Your instructions → Find the line containing "Le yaourt comme" in the listing below. Repeat it exactly, along with each following line up to and including the one containing "Antique Look Intricate".

Information shown →
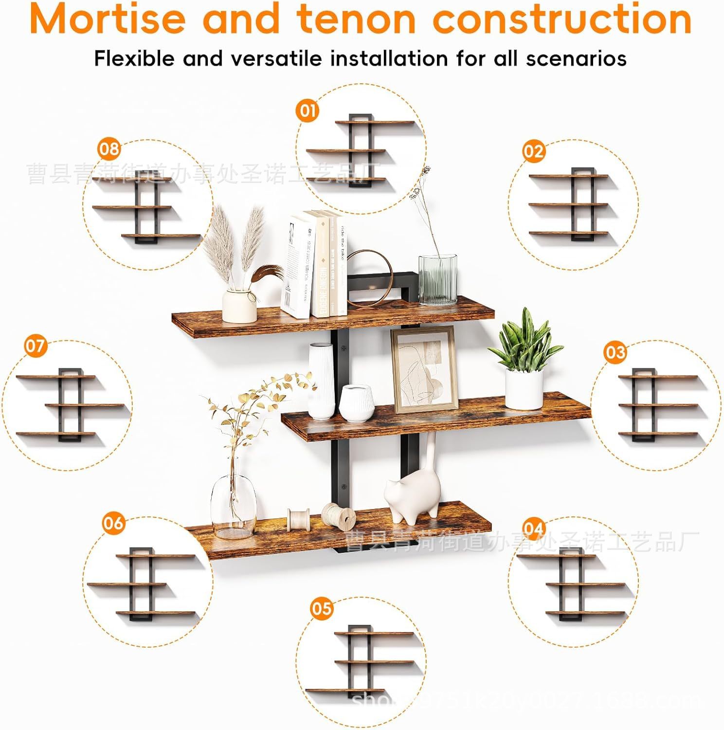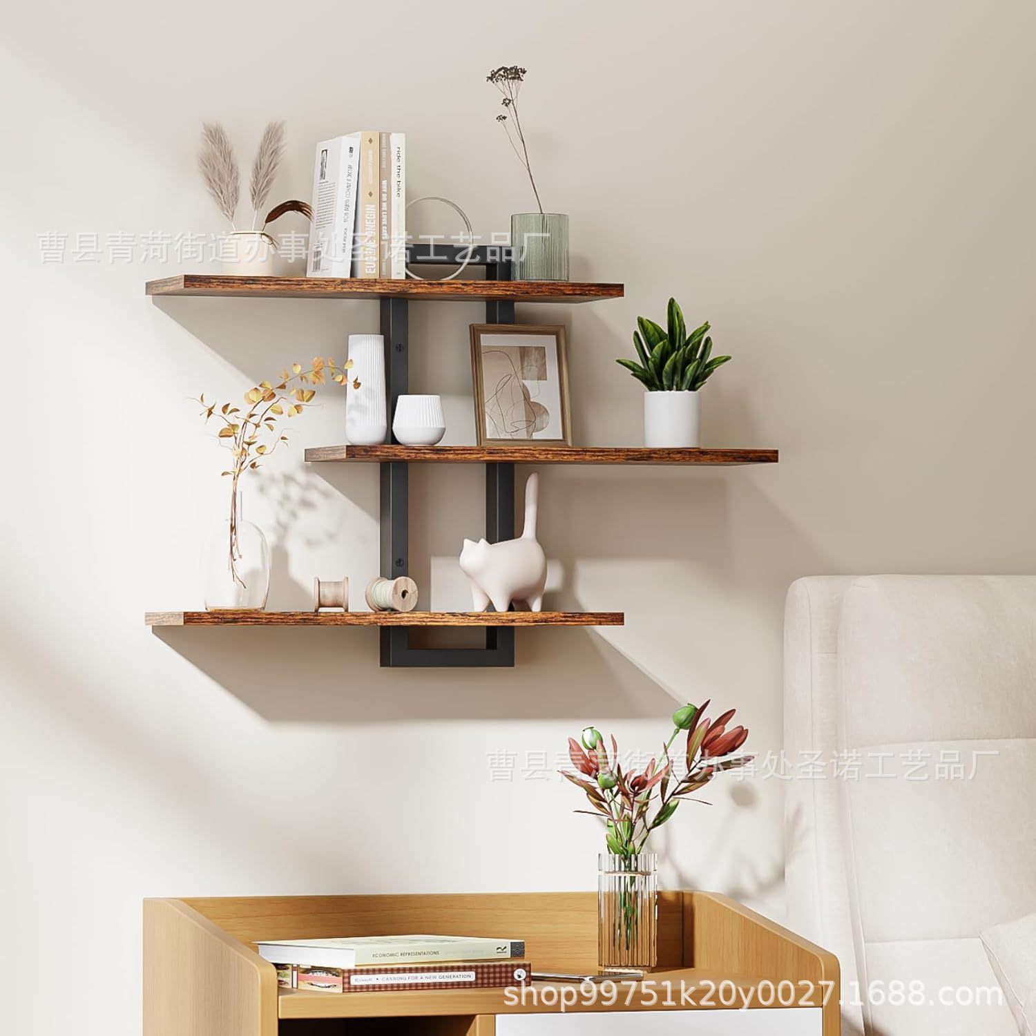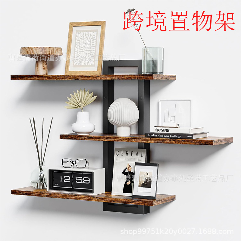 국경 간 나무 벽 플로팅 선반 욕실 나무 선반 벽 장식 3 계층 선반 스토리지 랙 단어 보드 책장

==

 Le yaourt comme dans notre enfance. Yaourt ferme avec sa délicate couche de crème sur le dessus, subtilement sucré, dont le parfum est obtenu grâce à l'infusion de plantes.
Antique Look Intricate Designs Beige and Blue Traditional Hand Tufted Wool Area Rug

...

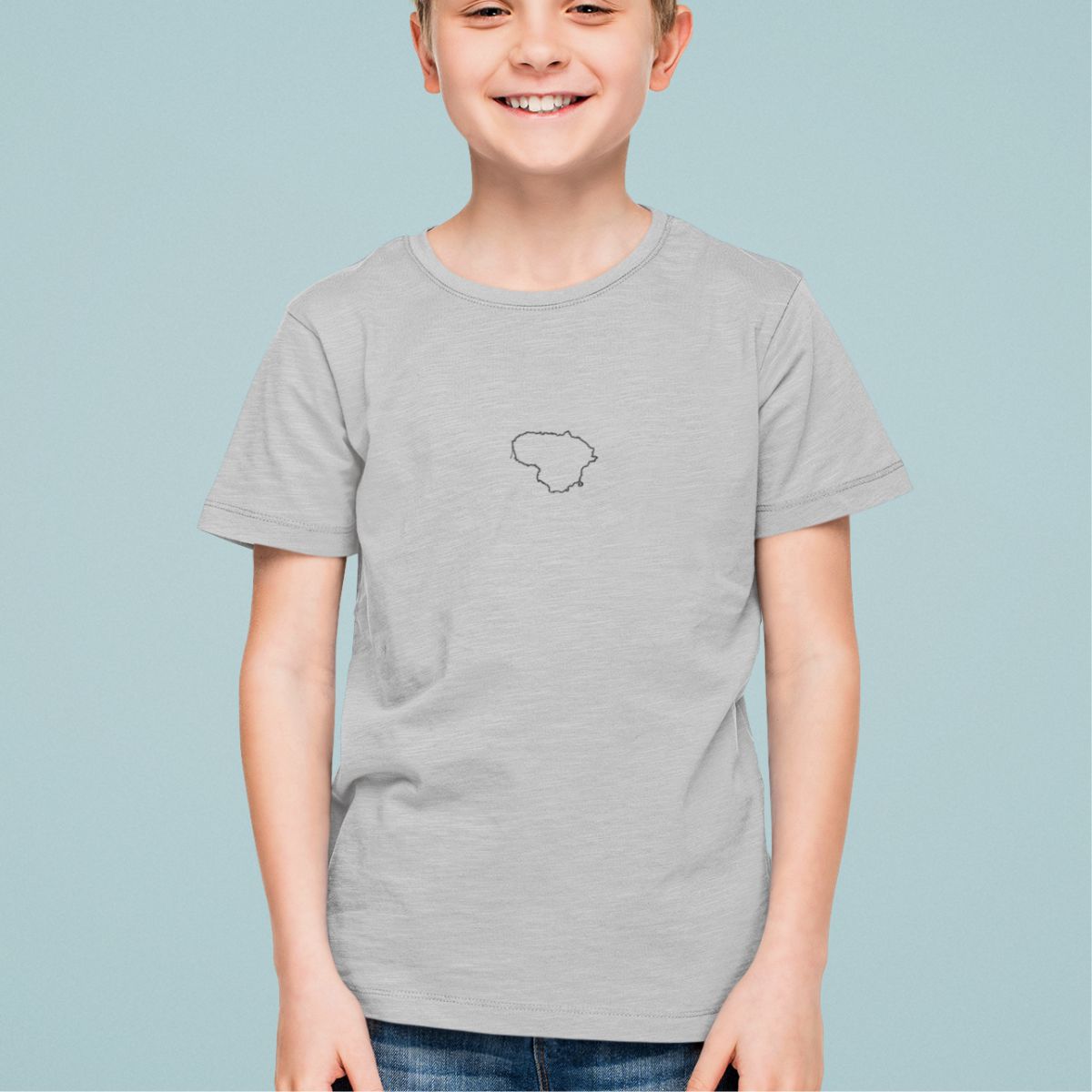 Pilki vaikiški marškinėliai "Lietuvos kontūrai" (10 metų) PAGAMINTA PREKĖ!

Response box →
 Le yaourt comme dans notre enfance. Yaourt ferme avec sa délicate couche de crème sur le dessus, subtilement sucré, dont le parfum est obtenu grâce à l'infusion de plantes.
Antique Look Intricate Designs Beige and Blue Traditional Hand Tufted Wool Area Rug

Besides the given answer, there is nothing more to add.